Hi
I have registered custom backend in pytorch 2.0 and running GPT-J model for both inductor and custom backed named ABCD.
tokenizer = AutoTokenizer.from_pretrained("hf-internal-testing/tiny-random-gptj")
model = GPTJForCausalLM.from_pretrained("hf-internal-testing/tiny-random-gptj")

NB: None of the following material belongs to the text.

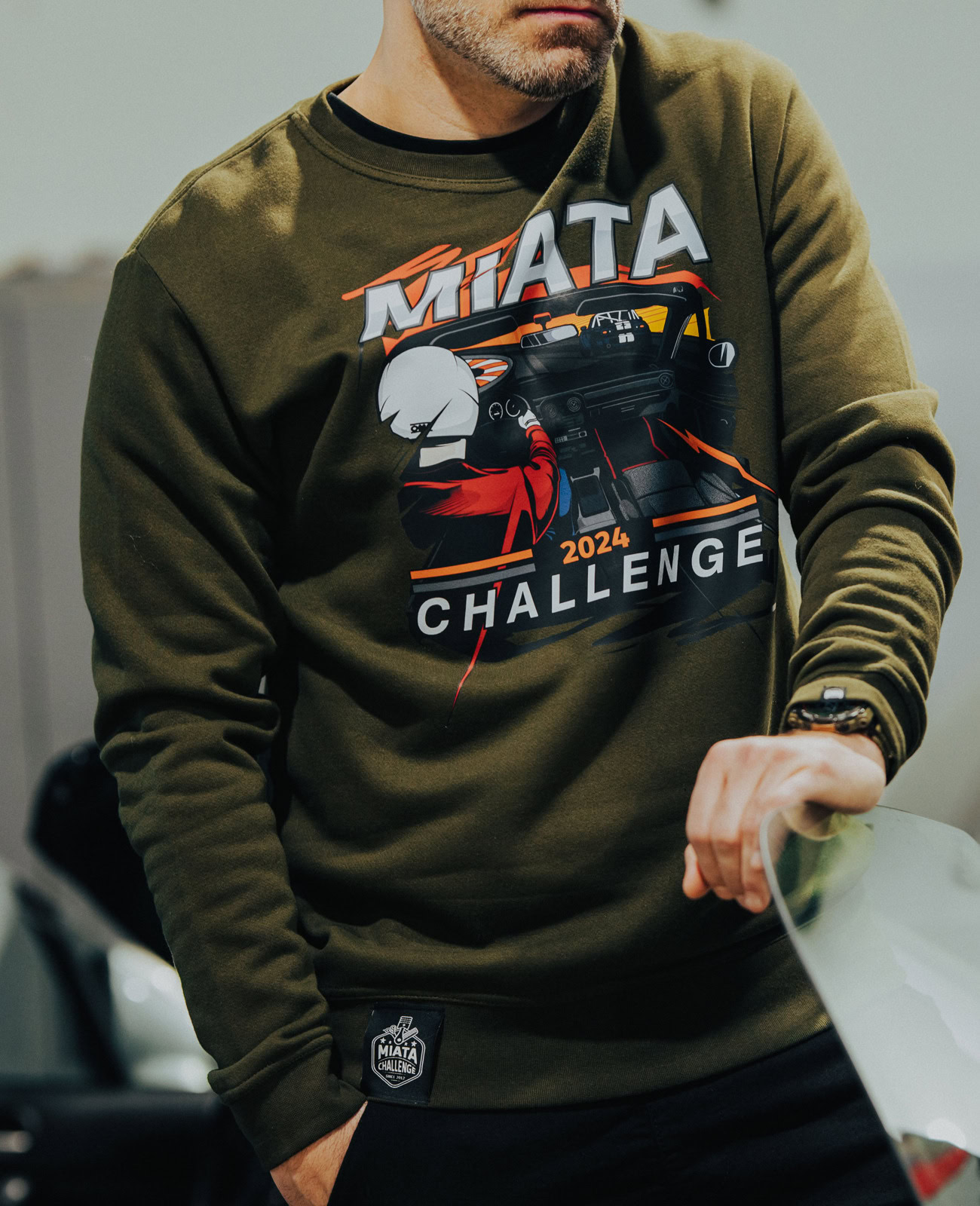 To celebrate the 2024 Miata Challenge season, we created an official Sweatshirt that brings you straight into the cockpit of the legendary MX-5 NA.

inputs = tokenizer("Hello, my dog is cute", return_tensors="pt")
outputs = model(**inputs, labels=inputs["input_ids"])
input_ids = inputs["input_ids"]
start_time = time.time()
print("cpu.................")
fn_cpu = torch.compile(model.generate,backend="inductor")
with torch.no_grad():
output_cpu = fn_cpu(input_ids, do_sample=True, temperature=0.9, max_length=200)
print(output_cpu)
print("--- %s pytorch with compile CPU seconds ---" % (time.time() - start_time))
torch._dynamo.reset()
Above same code i ran it for backend ABC
now I am capturing fx grahp for both the backends
For Inductor you can see below code
def __call__(self, model_, inputs_):
from torch._inductor.compile_fx import compile_fx
print("CPU Graphs")
model_ir = model_.print_readable(print_output=False)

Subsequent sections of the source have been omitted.